Electronique imprimé - flexible : Défis contemporains et applications de composants

Résumé :
Flexible and printed electronics refer to electronic devices and systems that are manufactured by printing or depositing electronic materials onto flexible substrates, such as plastic, paper, or textiles. These technologies enable the development of lightweight, bendable, and even stretchable electronic devices, which can be integrated into various products and applications. Sensors and systems in flexible and printed electronics play a crucial role in diverse fields such as healthcare, Internet of Things (IoT), robotics and prosthetics, automotive industry and so on. The advancement in materials, printing techniques, and manufacturing processes has significantly expanded the possibilities of flexible and printed electronics. These innovations have led to the development of a wide range of sensor-based systems that offer flexibility, cost-effectiveness, and adaptability for various industries and applications.
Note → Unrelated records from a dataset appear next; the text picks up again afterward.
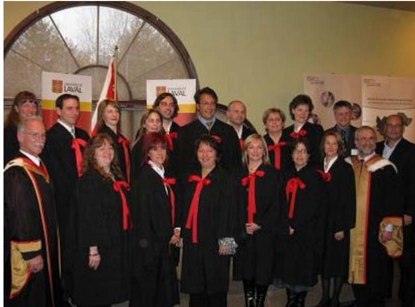
diplôme 2e cycle groupe 3

« Aujourd'hui, un cheminement se termine mais pour certains d'entre-nous, il se poursuit. Nous pouvons être fiers. Applaudissons-nous! Nous le méritons! Pour nous, ces cours furent une expérience unique d'apprentissage, de connaissances et de compréhension, d'analyse de soi et de l'organisation, d'alliance, de plaisir et d'amitié », a-t-il affirmé.
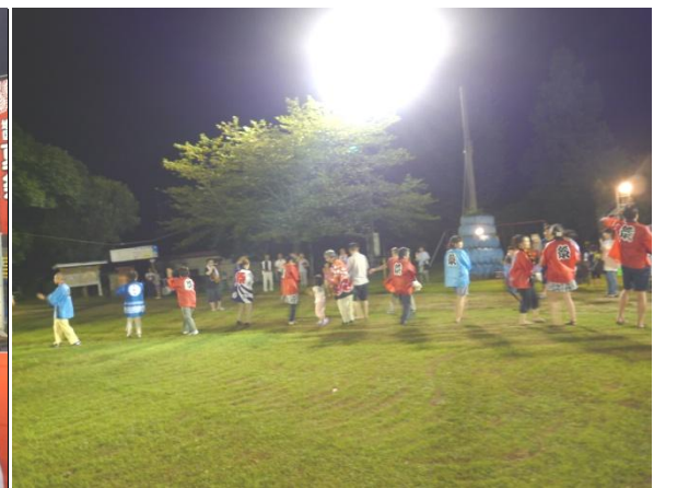
ハッピー、ゆかたで総踊り

今年も、出演者、青壮年部をはじめ地区の皆さんのご協力のおかげで、夏祭りを盛大に開催することができました。準備から後片付けまでありがとうございました。印象に残る、楽しい楽しい夏祭りでした。
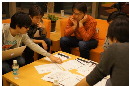
ペーパープロトタイプによる検証
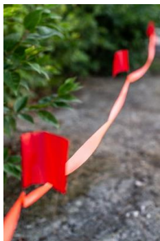
No cruzar esta banda
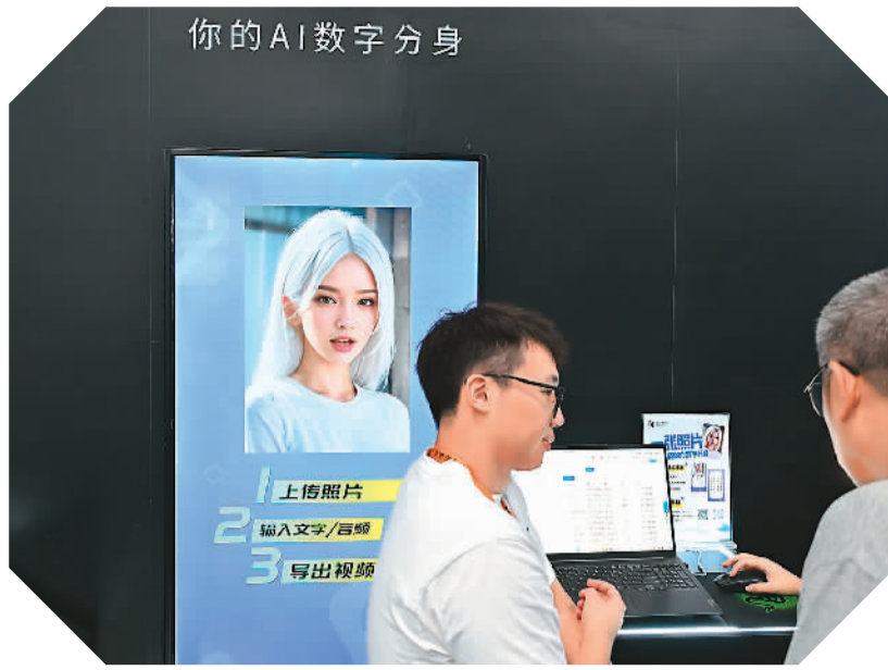
9月5日，在服贸会首钢园区，参观者了解AI“数字人”形象产品。
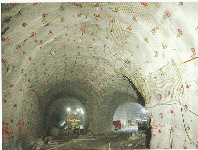
Felssicherung in der Multifunktionsstelle Faido des Gotthard-Basistunnels
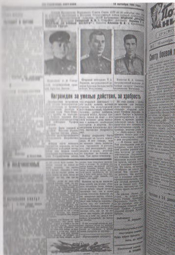
Газета «Пограничник Киргизии». 1943 г.
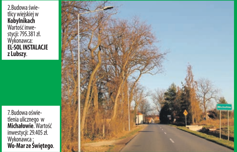
7. Budowa oświetlenia ulicznego w Michałowie . Wartość inwestycji: 29.405 zł. Wykonawca : Wo-Mar ze Świętego .
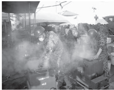
▲毎日、心のこもったあたたかい炊き出しが避難者に提供されました。
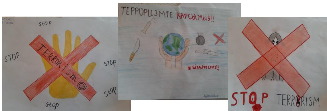
«Жемқорлыққа жол жоқ!» сурет көрмесінен.

Діни секталарға үгіттеуді шектеу мақсатында ата-аналарға түсіндіру жұмыстары жүргізілді. Діни ұйымдарға баратын отбасыларды анықтау мақсатында мақсатында диагностика жүргізілді. Мектеп ішіндегі оқушылардың киім кию ережесі туралы түсінік жұмыстары жүргізу, сақтау, қадағалау туралы жұмыстар жүргізілді. Бос уақыттарын тиімді пайдалану мақсатында мектеп оқушыларын спорттық, мәдени үйірмелерге тарту жұмыстары үнемі жүргізіліп келеді.
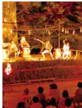
「久万山五神太鼓」 久万山五神太鼓保存会
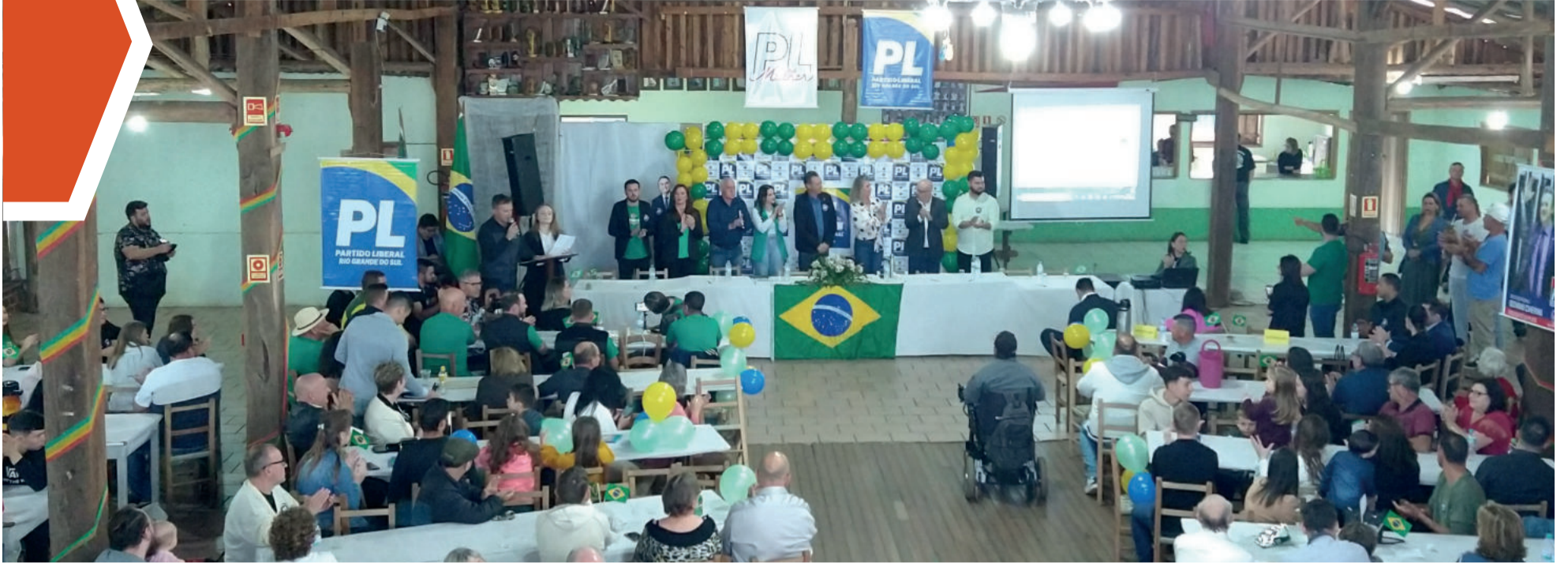
Evento foi realizado no CTG Porteira dos Pampas
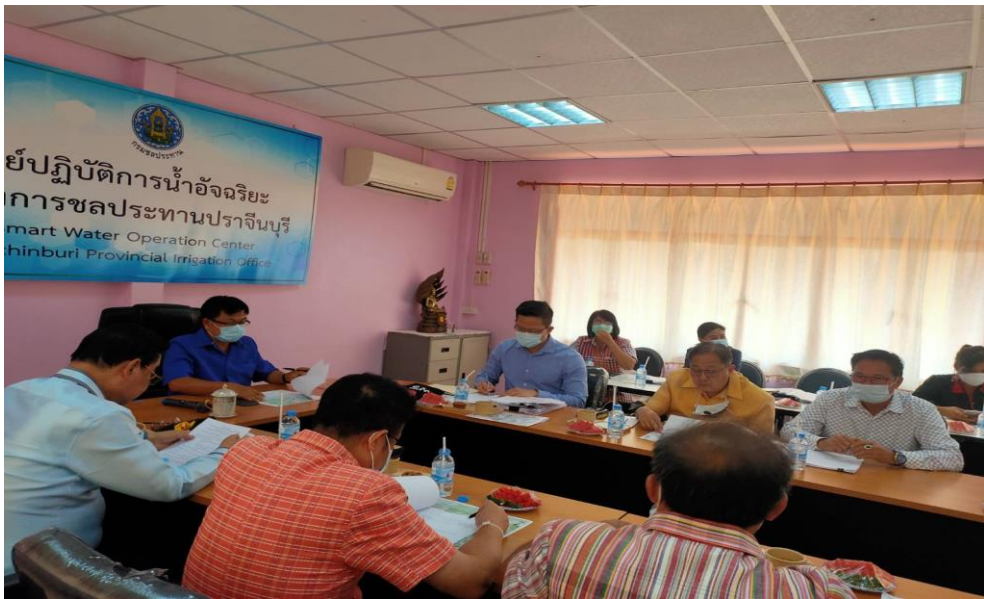
ภาพหน่วยงานส่วนท้องถิ่น นายกองค้การบริหารส่วนจังหวัดและหน่วยงานราชการเข้าร่วมหารือ
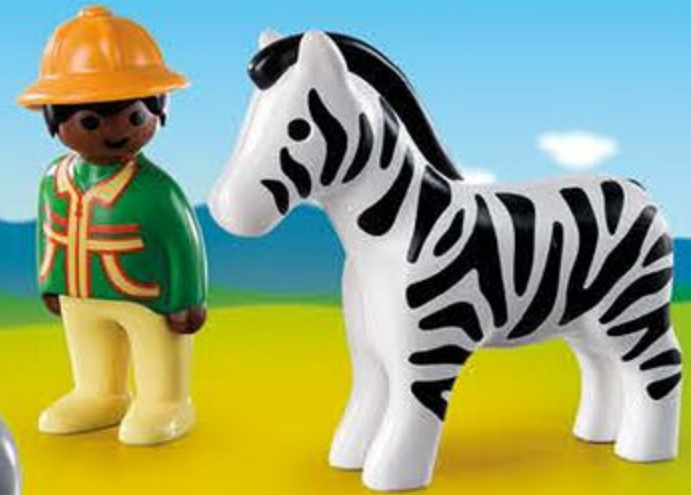
9257 Soigneur avec zèbre
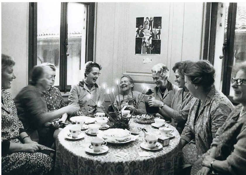
8 L'équipe du vestiaire du Centre social protestant en réunion conviviale dans la tourelle de la Maison Tavel, vers 1965 (?).
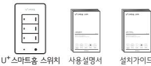
U+ 스마트홈 스위치 사용설명서 설치가이드
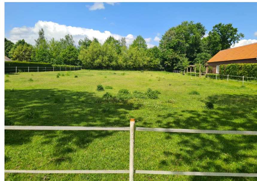
Figuur 4: Overzicht plangebied gezien vanaf de Vrouwboomweg
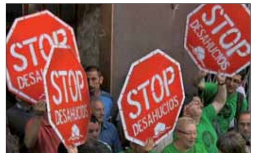
#Stopdesahucios paraliza el desalojo de un familia en Madrid

bastaría entre un 1% y un 2% de los casi 490.000 millones que el BCE ha inyectado a la banca española para evitar nuevos desahucios. Como alternativa a estos desalojos algunos colectivos han optado por la ocupación de edificios vacíos para alojar a las familias sin hogar pero sí con hipoteca. En noviembre, se ocuparon 8 edificios en dos días.
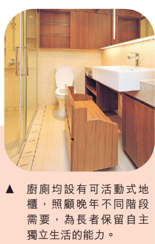
▲ 廚廁均設有可活動式地櫃，照顧晚年不同階段需要，為長者保留自主獨立生活的能力。
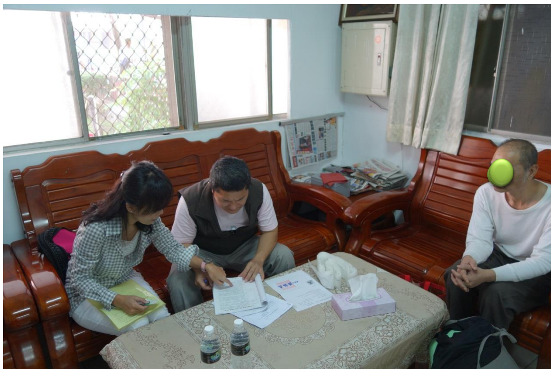
高雄第二監獄派員與安置機構親洽轉銜，使出監人境況與需求得以無縫接軌。
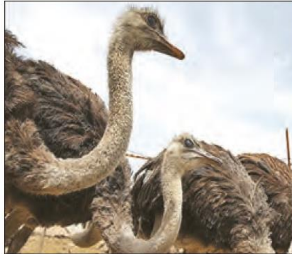
پرورش شترمرغ - ورامین
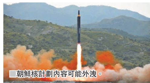
朝鮮核計劃內容可能外洩。

英國國家醫療服務系統(NHS)是今次網攻的重災區，多個電腦系統癱瘓，部分病人需轉送至其他醫院。NHS 英格蘭全國事故總監
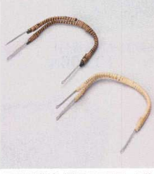
ス415-248 土瓶むし用三又ツル茶 31cm etc. 360円 ス415-258 土瓶むし用三又ツル白 31cm etc. 360円
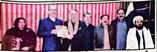
گورنر ملک عبدالولیٰ کا کر کو ایران کے قونصل جنرل حسن درویش وند سوہنر دے رہے ہیں
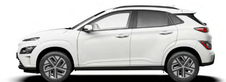
Serenity White Pearl Kontrastdach verfügbar
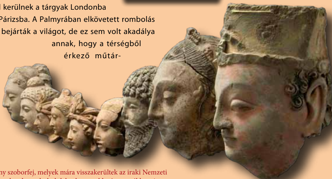
Néhány szoborfej, melyek mára visszakerültek az iraki Nemzeti Múzeumba, de az elrabolt leletek nagyobb része továbbra sincs meg
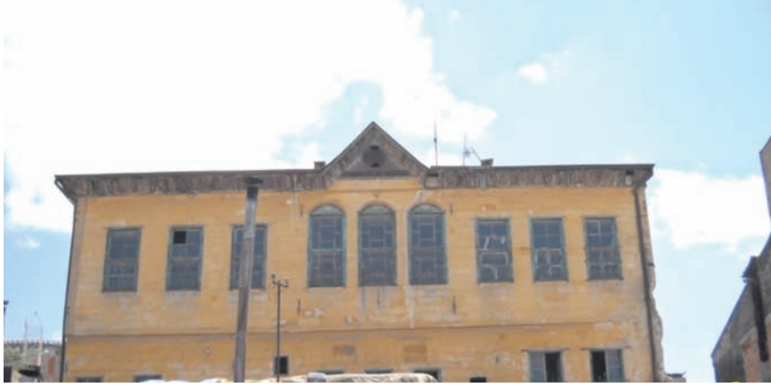
Fotoğraf 23- Kapucubaşı Mahallesi, Atabey Sokak 'taki Atabey Konağı

Kale'nin 350 m kuzeybatısındaki Atabey Konağı , Kapucubaşı Mahallesi Atabey Sokak 'a kayıtlıdır. Doğu-batı doğrultulu ve iki katlı anıtsal konağın ön cephesinde dokuz pencereye yer verilmiştir. Ahşap çatı, ortada üçgen bir alınlık oluşturacak şekilde inşa edilmiştir (foto 23). Konak bugün kullanılmamaktadır ve kısmen harapdır.

In this lecture, a general overview of the printed electronics area will be given. Moreover, various flexible devices that were developed in microSENSES lab (https://microsenses.eee.uniwa.gr/) will be demonstrated along with the potential future prospects for improvement and adaptation to special applications.
The evaluation of a multiparametric sensing device on paper fabricated by inkjet printing will be presenting, for applications such as smart packaging-labeling and disposable biosensors, where biocompatibility and low cost are key factors. The device is able to measure simultaneously relative humidity, temperature, and compressive and tensile bending. The development and evaluation of a fully printed multi-directional thermal flow sensor on PET substrate will also be presented. The device consists of conductive Ag tracks and printed thermistors based on BaTiO3, activated carbon and a solvent based thermoset polymeric system. The device was capable of successfully detecting the flow direction throughout the flow range without being affected by the flow magnitude.
Thermal sensors are mainly based on selective heating of specific areas, which in most of the cases is a critical feature for both the operation and the performance of the thermal device. We will demonstrate the evaluation of the thermoelectrical response of two graphitic materials, namely a) a commercial graphene (Gr) ink and b) a custom functionalized reduced graphene oxide (f-rGO) ink in the range of -40 to 100 oC. The inkjet-printed devices were evaluated as microheaters, in order to exploit their advantage for cost-effective production with minimal material waste. Both static and dynamic evaluation was performed in order to study the device behaviors and extract the corresponding parameters.